[Dataset items]
__________________________________________________

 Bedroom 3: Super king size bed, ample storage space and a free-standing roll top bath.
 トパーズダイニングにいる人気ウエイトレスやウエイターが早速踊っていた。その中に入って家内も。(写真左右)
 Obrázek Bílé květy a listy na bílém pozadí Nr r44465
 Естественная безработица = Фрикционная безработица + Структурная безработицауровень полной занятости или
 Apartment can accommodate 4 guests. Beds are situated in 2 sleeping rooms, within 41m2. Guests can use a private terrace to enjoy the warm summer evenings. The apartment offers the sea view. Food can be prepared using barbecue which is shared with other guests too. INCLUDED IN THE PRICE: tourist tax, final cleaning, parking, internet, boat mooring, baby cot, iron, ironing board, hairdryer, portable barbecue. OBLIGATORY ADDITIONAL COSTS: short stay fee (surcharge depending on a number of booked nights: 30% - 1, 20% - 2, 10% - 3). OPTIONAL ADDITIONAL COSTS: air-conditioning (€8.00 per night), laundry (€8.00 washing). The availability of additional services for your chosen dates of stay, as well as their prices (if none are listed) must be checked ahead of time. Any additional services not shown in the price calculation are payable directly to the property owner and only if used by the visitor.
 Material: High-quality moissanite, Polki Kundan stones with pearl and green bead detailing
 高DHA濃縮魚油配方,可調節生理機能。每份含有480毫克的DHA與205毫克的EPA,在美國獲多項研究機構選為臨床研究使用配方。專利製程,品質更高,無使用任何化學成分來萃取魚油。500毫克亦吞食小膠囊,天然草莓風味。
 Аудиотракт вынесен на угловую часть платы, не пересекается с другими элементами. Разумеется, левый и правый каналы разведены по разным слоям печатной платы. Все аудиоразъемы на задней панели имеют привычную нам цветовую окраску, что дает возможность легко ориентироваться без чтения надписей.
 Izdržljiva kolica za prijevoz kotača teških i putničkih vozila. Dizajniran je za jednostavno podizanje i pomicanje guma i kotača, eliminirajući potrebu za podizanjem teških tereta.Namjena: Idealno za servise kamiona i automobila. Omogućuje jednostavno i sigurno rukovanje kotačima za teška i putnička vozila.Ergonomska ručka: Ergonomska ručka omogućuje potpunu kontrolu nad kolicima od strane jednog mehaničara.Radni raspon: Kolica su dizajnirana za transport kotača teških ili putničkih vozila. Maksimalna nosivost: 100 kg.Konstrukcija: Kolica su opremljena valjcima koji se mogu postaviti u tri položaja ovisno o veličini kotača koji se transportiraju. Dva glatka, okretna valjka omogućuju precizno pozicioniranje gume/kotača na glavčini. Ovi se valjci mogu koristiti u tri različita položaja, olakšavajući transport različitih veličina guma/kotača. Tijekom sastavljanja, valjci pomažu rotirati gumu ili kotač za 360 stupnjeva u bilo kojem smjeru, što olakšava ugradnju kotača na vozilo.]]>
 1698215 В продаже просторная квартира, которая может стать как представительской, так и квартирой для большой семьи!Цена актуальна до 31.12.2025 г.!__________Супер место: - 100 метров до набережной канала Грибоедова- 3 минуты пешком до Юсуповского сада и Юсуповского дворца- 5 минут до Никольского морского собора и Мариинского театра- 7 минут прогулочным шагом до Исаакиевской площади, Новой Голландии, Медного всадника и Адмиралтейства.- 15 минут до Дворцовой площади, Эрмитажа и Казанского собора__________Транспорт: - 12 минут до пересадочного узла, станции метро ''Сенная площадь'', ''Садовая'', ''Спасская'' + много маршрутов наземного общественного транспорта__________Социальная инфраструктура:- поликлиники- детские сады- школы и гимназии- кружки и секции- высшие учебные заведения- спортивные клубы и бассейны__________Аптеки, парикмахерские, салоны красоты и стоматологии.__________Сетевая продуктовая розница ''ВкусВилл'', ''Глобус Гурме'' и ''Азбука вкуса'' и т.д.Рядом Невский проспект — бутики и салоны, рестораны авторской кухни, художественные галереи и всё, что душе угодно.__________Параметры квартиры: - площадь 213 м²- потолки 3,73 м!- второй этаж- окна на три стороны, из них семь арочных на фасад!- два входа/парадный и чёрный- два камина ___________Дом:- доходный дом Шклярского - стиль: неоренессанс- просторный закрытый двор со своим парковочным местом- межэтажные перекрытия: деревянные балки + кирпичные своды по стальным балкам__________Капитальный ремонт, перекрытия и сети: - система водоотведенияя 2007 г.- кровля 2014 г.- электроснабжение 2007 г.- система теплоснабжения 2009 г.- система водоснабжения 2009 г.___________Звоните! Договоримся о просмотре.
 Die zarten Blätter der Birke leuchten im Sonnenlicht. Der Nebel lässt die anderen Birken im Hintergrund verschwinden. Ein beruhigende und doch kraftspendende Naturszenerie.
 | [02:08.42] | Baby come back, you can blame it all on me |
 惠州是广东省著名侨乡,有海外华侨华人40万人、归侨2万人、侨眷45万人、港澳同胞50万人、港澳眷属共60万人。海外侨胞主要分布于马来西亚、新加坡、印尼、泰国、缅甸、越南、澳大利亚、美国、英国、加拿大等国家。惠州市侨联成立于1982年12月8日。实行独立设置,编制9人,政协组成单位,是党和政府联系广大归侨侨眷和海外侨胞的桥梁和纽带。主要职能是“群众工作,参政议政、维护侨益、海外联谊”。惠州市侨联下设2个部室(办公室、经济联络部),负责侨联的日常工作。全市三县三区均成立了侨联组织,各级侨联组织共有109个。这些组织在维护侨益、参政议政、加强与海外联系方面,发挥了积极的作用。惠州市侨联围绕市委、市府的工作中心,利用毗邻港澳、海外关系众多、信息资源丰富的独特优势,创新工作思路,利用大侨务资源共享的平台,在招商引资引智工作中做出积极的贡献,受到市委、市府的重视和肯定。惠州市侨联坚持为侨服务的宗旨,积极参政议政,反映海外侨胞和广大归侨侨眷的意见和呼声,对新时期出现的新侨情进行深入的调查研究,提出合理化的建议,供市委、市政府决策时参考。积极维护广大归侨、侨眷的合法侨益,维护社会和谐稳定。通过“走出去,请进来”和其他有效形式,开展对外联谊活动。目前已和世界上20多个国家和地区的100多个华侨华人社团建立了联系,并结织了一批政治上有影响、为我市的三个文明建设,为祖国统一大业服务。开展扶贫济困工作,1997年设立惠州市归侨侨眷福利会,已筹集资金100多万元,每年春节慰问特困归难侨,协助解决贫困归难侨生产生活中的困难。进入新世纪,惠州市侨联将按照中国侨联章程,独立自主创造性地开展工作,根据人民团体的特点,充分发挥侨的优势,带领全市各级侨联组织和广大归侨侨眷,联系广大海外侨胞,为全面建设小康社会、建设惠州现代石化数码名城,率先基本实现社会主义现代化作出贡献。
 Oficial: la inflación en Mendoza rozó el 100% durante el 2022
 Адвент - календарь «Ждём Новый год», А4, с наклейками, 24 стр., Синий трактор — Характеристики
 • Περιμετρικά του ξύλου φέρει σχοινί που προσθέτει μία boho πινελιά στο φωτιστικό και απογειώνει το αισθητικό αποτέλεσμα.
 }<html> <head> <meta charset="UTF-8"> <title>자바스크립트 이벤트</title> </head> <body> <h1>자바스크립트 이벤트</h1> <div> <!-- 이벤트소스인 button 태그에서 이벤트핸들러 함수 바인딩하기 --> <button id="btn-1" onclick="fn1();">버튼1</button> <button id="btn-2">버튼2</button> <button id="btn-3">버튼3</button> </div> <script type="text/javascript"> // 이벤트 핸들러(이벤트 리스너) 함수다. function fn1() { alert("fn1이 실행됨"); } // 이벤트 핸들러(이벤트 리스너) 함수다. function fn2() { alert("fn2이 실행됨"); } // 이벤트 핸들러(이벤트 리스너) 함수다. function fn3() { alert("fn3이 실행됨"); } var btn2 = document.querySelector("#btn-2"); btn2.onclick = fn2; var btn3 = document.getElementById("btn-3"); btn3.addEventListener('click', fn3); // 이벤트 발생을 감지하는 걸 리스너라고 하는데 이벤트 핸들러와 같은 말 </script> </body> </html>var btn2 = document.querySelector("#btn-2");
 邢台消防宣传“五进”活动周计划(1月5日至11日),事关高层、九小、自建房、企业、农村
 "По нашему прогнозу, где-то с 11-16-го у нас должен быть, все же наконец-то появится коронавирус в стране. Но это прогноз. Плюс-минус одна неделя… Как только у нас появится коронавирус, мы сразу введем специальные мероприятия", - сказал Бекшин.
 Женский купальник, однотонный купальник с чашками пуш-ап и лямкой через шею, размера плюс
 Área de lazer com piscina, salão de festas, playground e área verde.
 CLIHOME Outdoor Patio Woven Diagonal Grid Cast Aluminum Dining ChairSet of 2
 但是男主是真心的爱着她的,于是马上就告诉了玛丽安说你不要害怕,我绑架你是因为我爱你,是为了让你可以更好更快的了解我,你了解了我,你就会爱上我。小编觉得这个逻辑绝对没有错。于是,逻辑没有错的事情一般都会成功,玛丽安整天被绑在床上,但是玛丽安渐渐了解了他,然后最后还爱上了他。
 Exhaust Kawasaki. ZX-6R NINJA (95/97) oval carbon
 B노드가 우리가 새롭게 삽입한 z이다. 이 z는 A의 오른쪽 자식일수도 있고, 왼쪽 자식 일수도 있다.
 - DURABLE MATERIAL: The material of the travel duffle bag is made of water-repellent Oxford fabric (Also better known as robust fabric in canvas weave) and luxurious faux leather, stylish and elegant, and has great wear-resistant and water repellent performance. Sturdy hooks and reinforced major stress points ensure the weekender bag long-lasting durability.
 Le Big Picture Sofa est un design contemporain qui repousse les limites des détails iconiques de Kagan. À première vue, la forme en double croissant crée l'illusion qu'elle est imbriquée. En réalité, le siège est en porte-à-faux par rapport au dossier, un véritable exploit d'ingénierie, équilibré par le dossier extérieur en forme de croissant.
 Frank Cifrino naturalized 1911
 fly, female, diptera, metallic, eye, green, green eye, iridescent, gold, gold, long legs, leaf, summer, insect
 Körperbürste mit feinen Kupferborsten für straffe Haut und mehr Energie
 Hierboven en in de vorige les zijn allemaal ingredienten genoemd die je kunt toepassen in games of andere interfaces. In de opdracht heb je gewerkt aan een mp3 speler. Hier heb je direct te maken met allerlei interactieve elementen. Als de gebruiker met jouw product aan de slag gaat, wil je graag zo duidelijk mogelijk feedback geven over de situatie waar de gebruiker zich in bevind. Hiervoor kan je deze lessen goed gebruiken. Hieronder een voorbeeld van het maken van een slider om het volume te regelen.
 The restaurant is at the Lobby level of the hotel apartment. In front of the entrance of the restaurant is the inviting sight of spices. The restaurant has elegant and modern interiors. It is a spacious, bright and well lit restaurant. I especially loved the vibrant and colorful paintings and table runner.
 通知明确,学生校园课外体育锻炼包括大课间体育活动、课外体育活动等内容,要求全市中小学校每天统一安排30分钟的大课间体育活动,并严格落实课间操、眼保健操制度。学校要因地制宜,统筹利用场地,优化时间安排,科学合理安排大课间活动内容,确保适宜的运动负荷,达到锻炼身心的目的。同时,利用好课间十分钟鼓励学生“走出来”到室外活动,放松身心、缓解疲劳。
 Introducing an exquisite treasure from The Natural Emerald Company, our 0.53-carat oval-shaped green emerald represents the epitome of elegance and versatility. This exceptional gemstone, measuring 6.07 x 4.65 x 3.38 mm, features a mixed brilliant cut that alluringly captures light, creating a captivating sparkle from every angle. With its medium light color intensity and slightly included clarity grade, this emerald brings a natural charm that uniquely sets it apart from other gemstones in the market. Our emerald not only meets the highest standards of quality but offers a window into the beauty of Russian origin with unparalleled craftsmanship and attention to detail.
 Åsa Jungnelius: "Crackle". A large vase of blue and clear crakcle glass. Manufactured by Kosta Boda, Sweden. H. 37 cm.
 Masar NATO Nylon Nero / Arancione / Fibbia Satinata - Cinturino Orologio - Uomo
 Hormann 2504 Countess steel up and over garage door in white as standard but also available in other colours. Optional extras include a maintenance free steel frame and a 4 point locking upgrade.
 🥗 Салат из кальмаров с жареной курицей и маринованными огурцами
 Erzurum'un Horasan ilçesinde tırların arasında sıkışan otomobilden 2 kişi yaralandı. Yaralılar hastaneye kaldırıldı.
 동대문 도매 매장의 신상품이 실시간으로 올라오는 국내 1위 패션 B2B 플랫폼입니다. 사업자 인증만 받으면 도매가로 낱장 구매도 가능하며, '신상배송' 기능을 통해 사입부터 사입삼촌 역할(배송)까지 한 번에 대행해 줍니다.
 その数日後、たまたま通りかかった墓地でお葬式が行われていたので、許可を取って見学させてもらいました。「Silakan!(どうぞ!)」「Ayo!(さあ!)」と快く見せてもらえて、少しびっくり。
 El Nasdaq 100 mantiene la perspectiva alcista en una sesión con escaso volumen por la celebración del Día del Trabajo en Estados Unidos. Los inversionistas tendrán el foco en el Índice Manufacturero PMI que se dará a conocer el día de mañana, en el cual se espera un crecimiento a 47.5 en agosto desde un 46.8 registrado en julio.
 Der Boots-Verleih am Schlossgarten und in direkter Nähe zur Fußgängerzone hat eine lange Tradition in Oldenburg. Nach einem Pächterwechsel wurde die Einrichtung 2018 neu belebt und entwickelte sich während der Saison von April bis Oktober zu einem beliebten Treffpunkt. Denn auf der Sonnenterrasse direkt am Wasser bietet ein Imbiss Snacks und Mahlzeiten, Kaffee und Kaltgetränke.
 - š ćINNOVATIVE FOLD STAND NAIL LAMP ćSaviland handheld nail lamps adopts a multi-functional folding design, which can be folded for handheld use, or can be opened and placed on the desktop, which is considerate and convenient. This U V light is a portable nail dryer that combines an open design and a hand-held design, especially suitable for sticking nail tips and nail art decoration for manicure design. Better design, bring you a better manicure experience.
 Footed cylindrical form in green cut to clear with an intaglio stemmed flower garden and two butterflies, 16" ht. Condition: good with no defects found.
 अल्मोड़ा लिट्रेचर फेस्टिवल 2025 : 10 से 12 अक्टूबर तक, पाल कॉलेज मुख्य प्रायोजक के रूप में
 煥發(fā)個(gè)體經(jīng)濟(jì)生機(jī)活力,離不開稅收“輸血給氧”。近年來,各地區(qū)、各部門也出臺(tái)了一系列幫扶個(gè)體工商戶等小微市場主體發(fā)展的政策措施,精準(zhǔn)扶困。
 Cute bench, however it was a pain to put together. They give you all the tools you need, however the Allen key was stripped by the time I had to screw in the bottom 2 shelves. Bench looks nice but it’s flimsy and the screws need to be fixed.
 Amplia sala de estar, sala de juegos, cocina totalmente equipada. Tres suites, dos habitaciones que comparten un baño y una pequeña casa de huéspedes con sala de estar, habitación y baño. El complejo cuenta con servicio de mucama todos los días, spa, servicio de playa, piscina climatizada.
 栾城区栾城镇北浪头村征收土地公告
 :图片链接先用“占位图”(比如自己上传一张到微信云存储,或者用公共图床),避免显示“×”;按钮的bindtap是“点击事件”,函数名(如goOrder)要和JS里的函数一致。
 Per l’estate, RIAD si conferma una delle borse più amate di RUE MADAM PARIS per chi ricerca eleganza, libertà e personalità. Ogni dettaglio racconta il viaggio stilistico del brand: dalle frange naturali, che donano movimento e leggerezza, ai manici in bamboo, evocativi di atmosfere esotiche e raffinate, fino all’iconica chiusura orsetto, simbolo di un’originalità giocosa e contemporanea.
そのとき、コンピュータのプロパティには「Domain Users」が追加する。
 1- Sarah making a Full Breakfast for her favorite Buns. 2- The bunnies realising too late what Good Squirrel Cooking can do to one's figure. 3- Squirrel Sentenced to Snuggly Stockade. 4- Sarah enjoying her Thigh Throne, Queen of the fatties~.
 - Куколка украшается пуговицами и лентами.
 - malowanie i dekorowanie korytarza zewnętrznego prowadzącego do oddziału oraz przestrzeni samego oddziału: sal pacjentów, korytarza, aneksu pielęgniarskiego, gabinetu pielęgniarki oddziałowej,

__________________________________________________

→ **Exercise**
Report, from the entries above, each line where "oval" is found.

→ **Exercise response**
 Exhaust Kawasaki. ZX-6R NINJA (95/97) oval carbon
 Introducing an exquisite treasure from The Natural Emerald Company, our 0.53-carat oval-shaped green emerald represents the epitome of elegance and versatility. This exceptional gemstone, measuring 6.07 x 4.65 x 3.38 mm, features a mixed brilliant cut that alluringly captures light, creating a captivating sparkle from every angle. With its medium light color intensity and slightly included clarity grade, this emerald brings a natural charm that uniquely sets it apart from other gemstones in the market. Our emerald not only meets the highest standards of quality but offers a window into the beauty of Russian origin with unparalleled craftsmanship and attention to detail.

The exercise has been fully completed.